• [TASK BRIEF] The listing below is to be written out word for word, minus its images.

• [DATA PROVIDED]
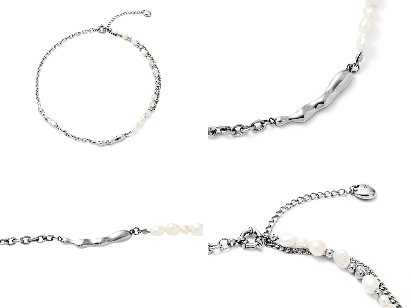 ● 商品材質:一般鋼 / 尾牌-銅鍍白金 / 淡水珍珠
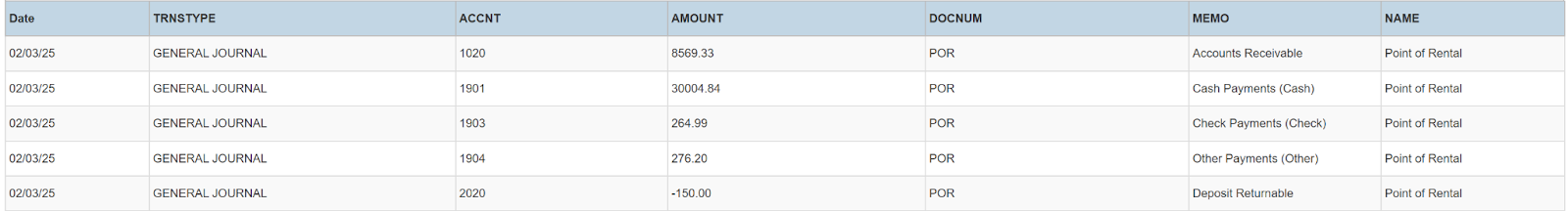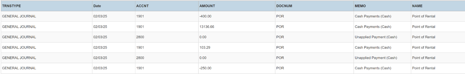 Columns: TRNSTYPE, Date, ACCNT, AMOUNT, DOCNUM, MEMO, NAME
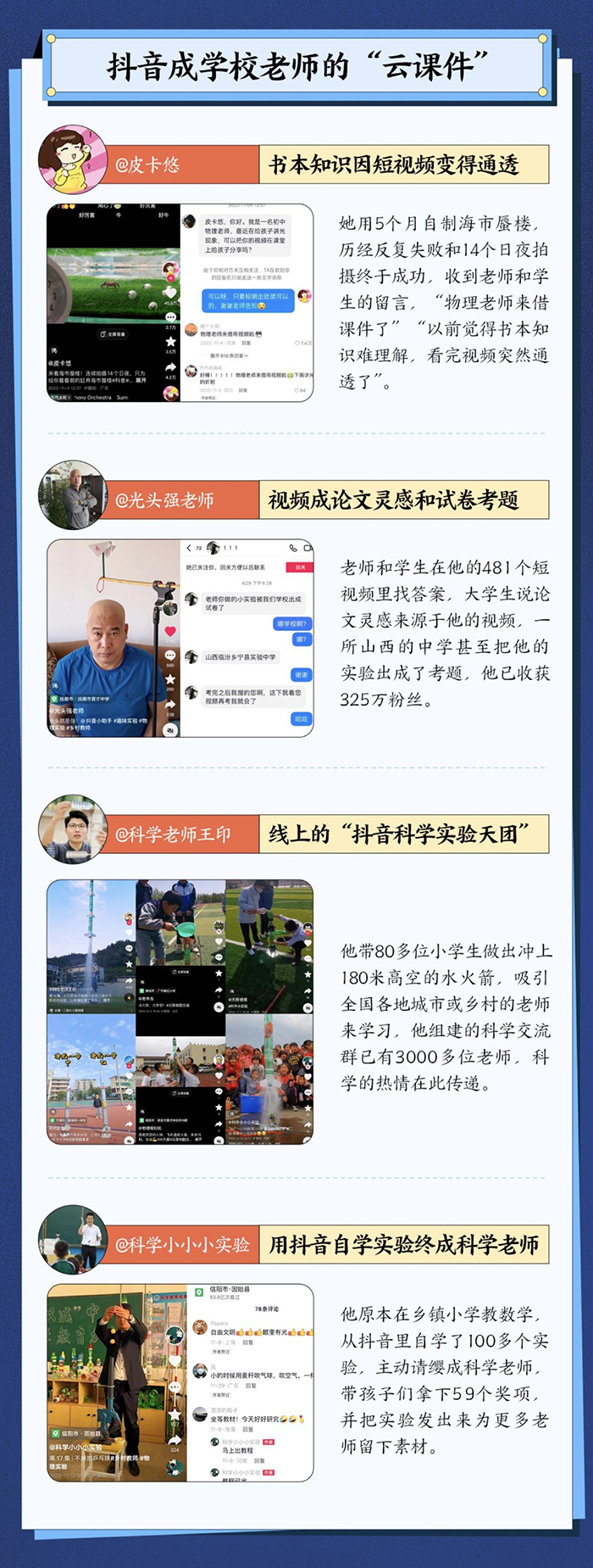 辽宁抚顺中学物理老师 @光头强老师 发布了481个科学实验视频,收获325万粉丝。他制作的空气炮,“嘭”的一声,可把烟雾发射到教室另一头,打翻排列整齐的易拉罐。有大学生表示论文灵感就来源于他的视频;一所山西的中学甚至把他的实验出成了考题。

• [RESULT FOR THIS TASK]
 ● 商品材質:一般鋼 / 尾牌-銅鍍白金 / 淡水珍珠
 Columns: TRNSTYPE, Date, ACCNT, AMOUNT, DOCNUM, MEMO, NAME
 辽宁抚顺中学物理老师 @光头强老师 发布了481个科学实验视频,收获325万粉丝。他制作的空气炮,“嘭”的一声,可把烟雾发射到教室另一头,打翻排列整齐的易拉罐。有大学生表示论文灵感就来源于他的视频;一所山西的中学甚至把他的实验出成了考题。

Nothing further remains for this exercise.